Fannie Mae Updates Underwriting System to Expand Eligibility
Fannie Mae Updates Underwriting System to Expand Eligibility
Written By: Joel Palmer, Op-Ed Writer
Fannie Mae is updating its automated underwriting system to help potential borrowers who lack a credit score.
Fannie said in its announcement that the enhancements will “help historically underserved borrowers access credit,” especially Black and Latino/Hispanic people who are disproportionately credit invisible.
The enhancements took effect on December 10 . Fannie said the changes to its Desktop Underwriter (DU) system will expand mortgage eligibility and simplify the process.
The changes include:
Updating the eligibility criteria to permit one- to four-unit properties (including manufactured homes) up to standard LTV, CLTV and HCLTV ratios and up to the standard maximum allowable debt-to-income ratio of 50 percent.

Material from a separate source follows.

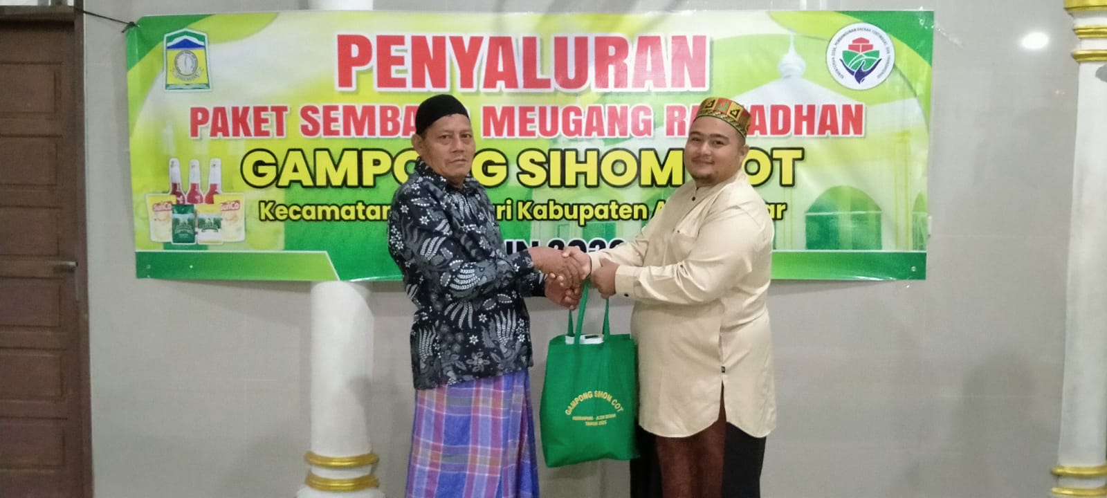Penyaluran bantuan dipimpin langsung oleh Farid Wajidi, S. Kom, selaku Keuchik Gampong Sihom Cot. Paket sembako yang dibagikan berisi 3 sirup, minyak goreng sebanyak 2 liter, serta gula pasir 2 kilogram untuk setiap kepala keluarga.

Using borrower-permissioned bank statement data to enhance the DU risk assessment. Data is gathered through a third-party asset verification report containing 12 months of data. DU will assess or consider a borrower’s cash flow by reviewing transaction patterns, balance trends and other observations over time in their checking and savings accounts and investment accounts.
Providing an automated option for lenders to meet Selling Guide requirements to document nontraditional credit sources.
Fannie Mae said its preliminary research has shown that assessing a borrower's cash flow activity through bank statement data can make more predictive risk assessments, especially for consumers with no or limited credit history.
"We believe consumers should benefit from their responsible money management habits and a steady stream of income when buying a home, even if they don't have an established credit history," said Malloy Evans, Executive Vice President and Head of Single-Family Business at Fannie Mae. "Traditional lending practices make it hard for borrowers with no credit score to access credit, so we've taken steps that may help them responsibly qualify for a home loan using data that provides a more holistic view of how they manage their money.”
The underwriting changes are part of Fannie’s Equitable Housing Finance Plan, a three-year plan that outlines ways the enterprise will knock down barriers faced by Black homeowners and renters.
Fannie said the plan includes homebuyer education, pilot programs to improve credit scores and security deposit alternatives as well as the creation of Special Purpose Credit Programs (SPCPs) to serve specific areas of need and opportunity, such as down payment assistance.
Fannie laid out a three-step process after lenders have ordered a credit report and verified that the borrowers do not have a credit score:
Educate the borrower about the asset verification process, how it works, and obtain consent to order a report.
Order a report with 12 months of asset data from an authorized verification report supplier and enter the reference ID in DU.
Review the DU Underwriting Findings messages to see if the bank statement data has been considered.
About the Author
As an NAMP® Opinion Editorial Contributor, Joel Palmer is a freelance writer who spent 10 years as a business and financial reporter and another 10 years in marketing for the insurance and financial services industries. He regularly writes about the mortgage industry, as well as residential and commercial real estate, investments, and retirement income planning. He has also ghostwritten books on starting a business, marketing, and retirement income planning.